Print the whole listing exactly as it appears, but skip the pictures.

Listed records:
^^^^

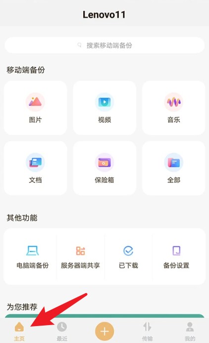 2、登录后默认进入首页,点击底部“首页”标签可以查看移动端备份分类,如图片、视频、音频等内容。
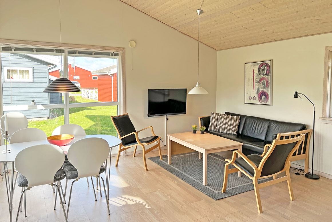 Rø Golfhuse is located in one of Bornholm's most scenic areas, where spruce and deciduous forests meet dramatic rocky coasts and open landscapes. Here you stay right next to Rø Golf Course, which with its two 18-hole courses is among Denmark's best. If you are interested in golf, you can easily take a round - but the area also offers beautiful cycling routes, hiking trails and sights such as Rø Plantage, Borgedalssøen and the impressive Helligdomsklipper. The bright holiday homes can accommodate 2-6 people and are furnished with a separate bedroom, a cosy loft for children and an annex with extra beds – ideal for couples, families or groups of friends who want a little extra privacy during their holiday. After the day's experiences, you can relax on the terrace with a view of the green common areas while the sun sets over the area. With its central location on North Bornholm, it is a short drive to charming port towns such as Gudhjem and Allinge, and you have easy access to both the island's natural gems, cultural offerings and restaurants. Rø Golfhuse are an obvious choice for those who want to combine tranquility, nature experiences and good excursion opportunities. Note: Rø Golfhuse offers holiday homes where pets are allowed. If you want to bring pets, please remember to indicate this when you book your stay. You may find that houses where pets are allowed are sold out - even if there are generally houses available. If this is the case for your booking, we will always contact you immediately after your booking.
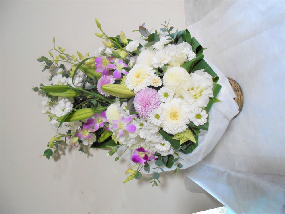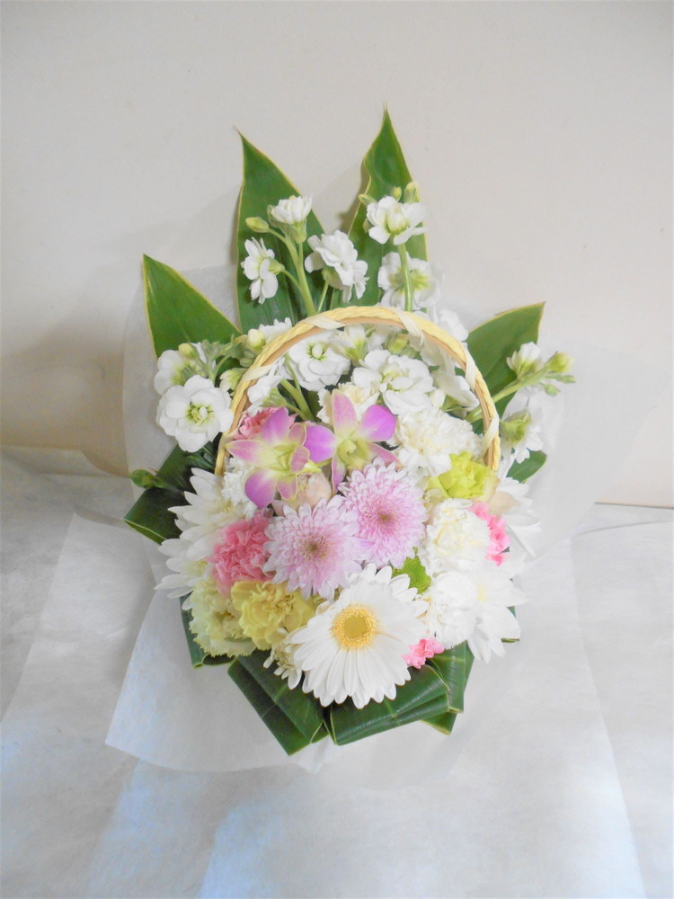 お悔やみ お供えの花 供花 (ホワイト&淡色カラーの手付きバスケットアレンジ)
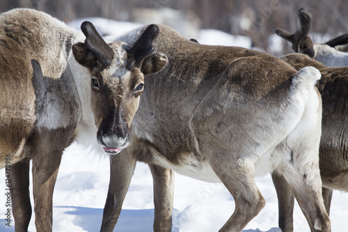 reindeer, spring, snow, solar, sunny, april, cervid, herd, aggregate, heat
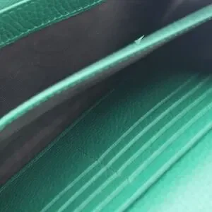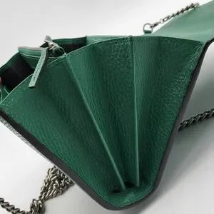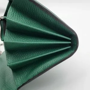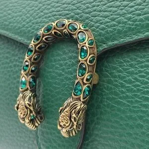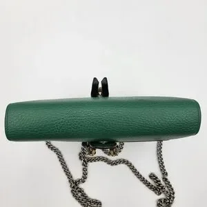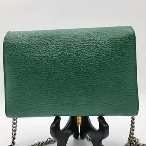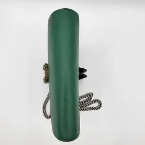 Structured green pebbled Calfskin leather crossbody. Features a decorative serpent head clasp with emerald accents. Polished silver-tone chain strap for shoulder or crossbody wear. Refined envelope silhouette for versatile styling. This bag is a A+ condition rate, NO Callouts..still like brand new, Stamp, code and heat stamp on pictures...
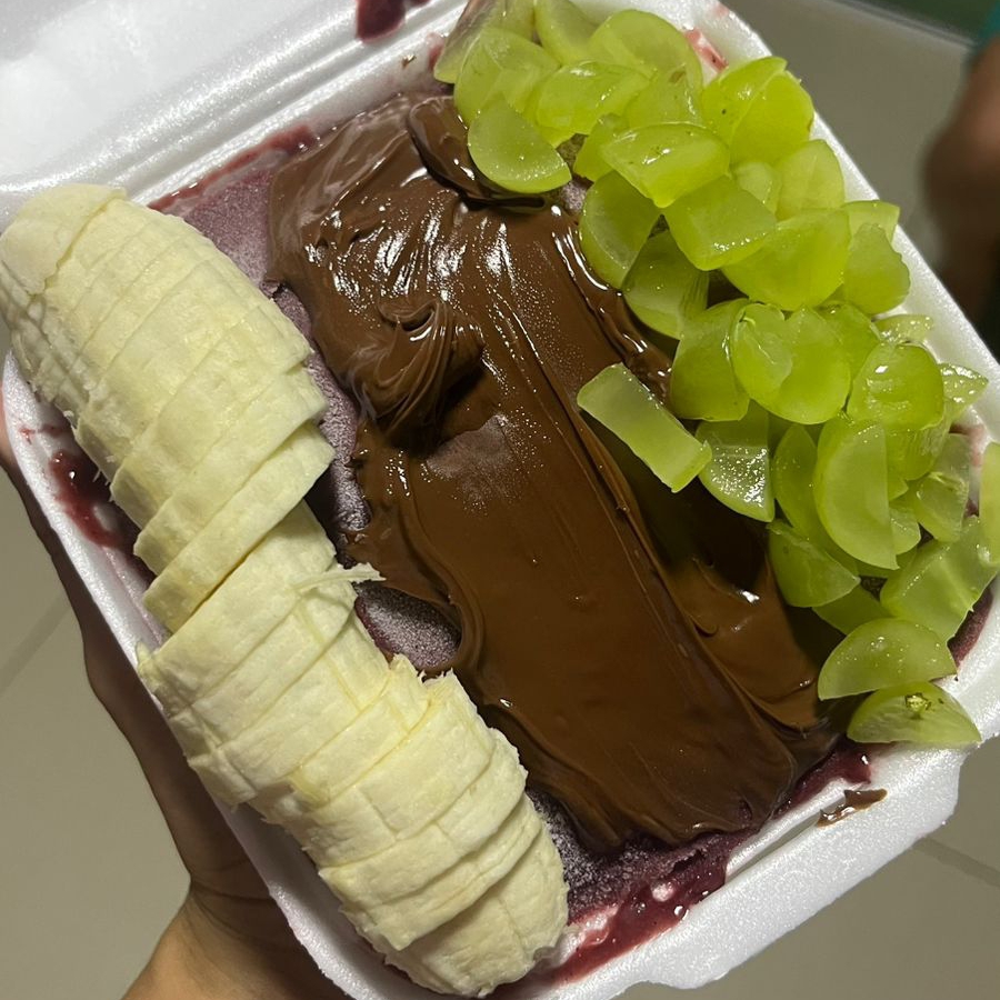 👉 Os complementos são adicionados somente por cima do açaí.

^^^^

Answer for the task:
 2、登录后默认进入首页,点击底部“首页”标签可以查看移动端备份分类,如图片、视频、音频等内容。
 Rø Golfhuse is located in one of Bornholm's most scenic areas, where spruce and deciduous forests meet dramatic rocky coasts and open landscapes. Here you stay right next to Rø Golf Course, which with its two 18-hole courses is among Denmark's best. If you are interested in golf, you can easily take a round - but the area also offers beautiful cycling routes, hiking trails and sights such as Rø Plantage, Borgedalssøen and the impressive Helligdomsklipper. The bright holiday homes can accommodate 2-6 people and are furnished with a separate bedroom, a cosy loft for children and an annex with extra beds – ideal for couples, families or groups of friends who want a little extra privacy during their holiday. After the day's experiences, you can relax on the terrace with a view of the green common areas while the sun sets over the area. With its central location on North Bornholm, it is a short drive to charming port towns such as Gudhjem and Allinge, and you have easy access to both the island's natural gems, cultural offerings and restaurants. Rø Golfhuse are an obvious choice for those who want to combine tranquility, nature experiences and good excursion opportunities. Note: Rø Golfhuse offers holiday homes where pets are allowed. If you want to bring pets, please remember to indicate this when you book your stay. You may find that houses where pets are allowed are sold out - even if there are generally houses available. If this is the case for your booking, we will always contact you immediately after your booking.
 お悔やみ お供えの花 供花 (ホワイト&淡色カラーの手付きバスケットアレンジ)
 reindeer, spring, snow, solar, sunny, april, cervid, herd, aggregate, heat
 Structured green pebbled Calfskin leather crossbody. Features a decorative serpent head clasp with emerald accents. Polished silver-tone chain strap for shoulder or crossbody wear. Refined envelope silhouette for versatile styling. This bag is a A+ condition rate, NO Callouts..still like brand new, Stamp, code and heat stamp on pictures...
 👉 Os complementos são adicionados somente por cima do açaí.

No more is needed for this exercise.